Crash Into Me – Unfortunately, this has not aged well. The song and recording are fine, but it’s not escaping its own overplayed-ness to my ears. My poor mom had to overhear me play this so many times :( :(
Too Much – Wow, and we’re jamming again, “Crash” really killed the energy.
41 – Dual electric guitars! Cool new atmosphere. That sax ostinato does it for me. It’s wild how much of this I hear in V for Voice, from the writing to the playing to the mix, which was not on my radar at all. Just that formative, I suppose. I was completely chasing this album in the V for Voice production and had zero idea that’s what I was doing.
Say Goodbye – Dave is such a cheeseball here but it’s a little charming. A little.
Drive In Drive Out – Huge “start of side 2” energy. This rips. That is bad shit, indeed.
Let You Down – This is an interlude, not a song, and it ought to have been cut in half. The parts are nice enough.
Lie In Our Graves – Ah man, I’d forgotten about this one completely. I hope it holds up. < … > It mostly does! Solos in live versions are better, but this studio version is pretty weird at least.
Cry Freedom – Great production, OK song. Needs a more intense vocal performance to gel, maybe.
Tripping Billies – Bold move to bury this in the tracklist! I forgot (or never realized?) how incredibly horny this album is. Holds up.
Proudest Monkey – Probably best to consider this a super-indulgent b-side or bonus track, ought to have been hidden. Goes hilariously hard on its central lyrical conceit. For fans only.
Cory’s response:
“Proudest Monkey” – Sooooooooo dorky! SO dorky.

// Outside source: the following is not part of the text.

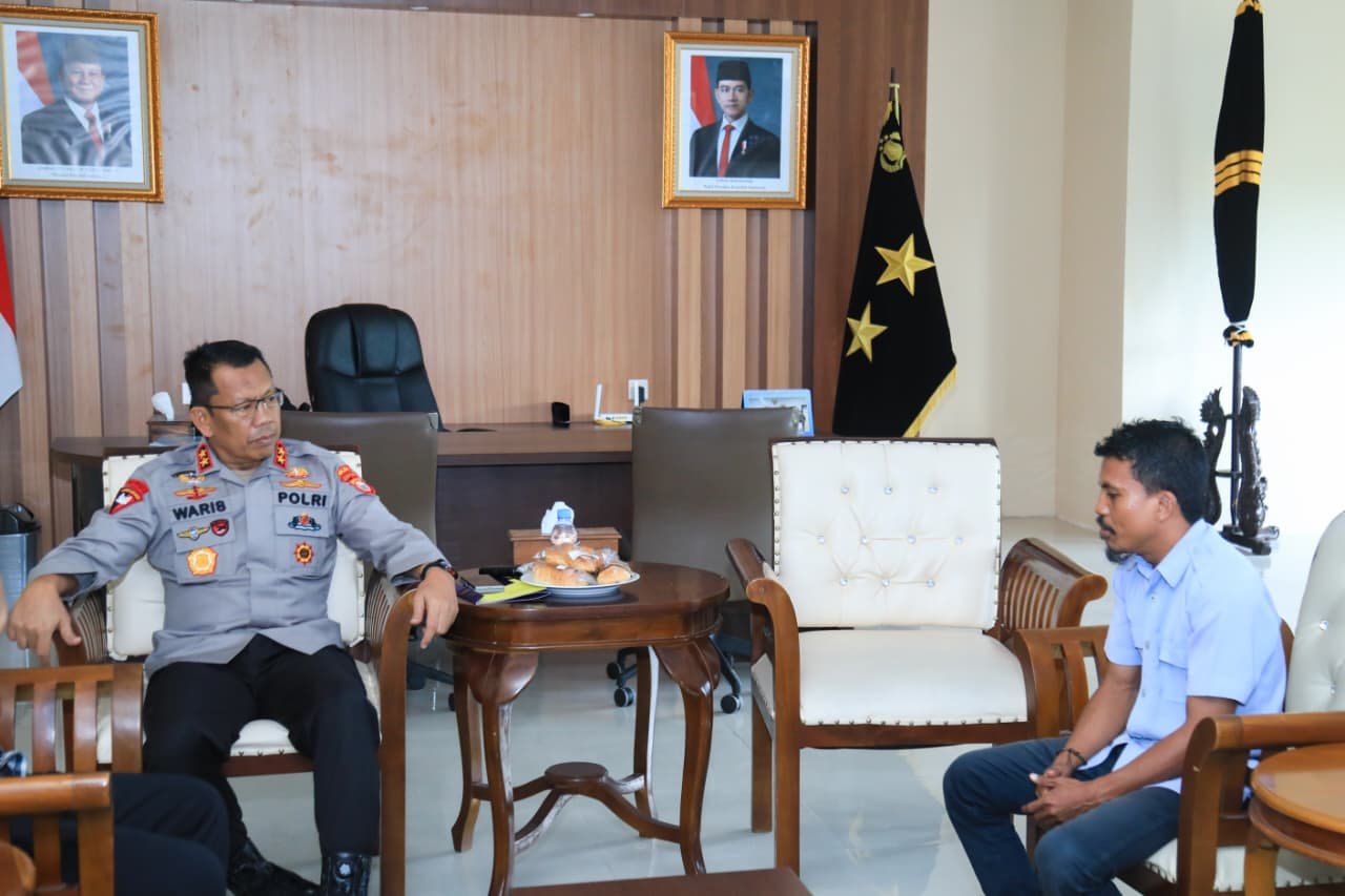 Kapolda Maluku Utara, Irjen Pol. Drs. Waris Agono, M.Si., menerima kunjungan silaturahmi dari perwakilan Majelis Rakyat Kota Sofifi (MARKAS) di ruang kerjanya, Senin (8/9) kemarin. Pertemuan ini membahas sejumlah isu strategis terkait keamanan dan pembangunan di Sofifi.

This whole album is chafing itself raw against the back of an acoustic guitar with only tie-dye pajama pants as a buffer. Even the nonsexual lyrics sound bonery!
Two-Step and #41 are both pretty rad.
Yes, so even though yr songs don’t sound like DMB, I think there are certain formative bands that creep into our songs no matter what because they have defined what a song is for us (and by extension what it is to write a song). And something your songs (and esp h&s songs) often have in common with DMB are their very thoughtful ambitious arrangements and transitions and finishing touches. They make the difference between a pretty good song and a terrific song, just the right chord or an unexpected harmony or whatever that creates a TON of depth very deftly. Rich and interesting without ever being ostentatious.
For me it’s probably early Weezer records / Nirvana / Green Day. I can get as folky or ambient or weird as I want, but it all comes down to strong melodies and simple song structure.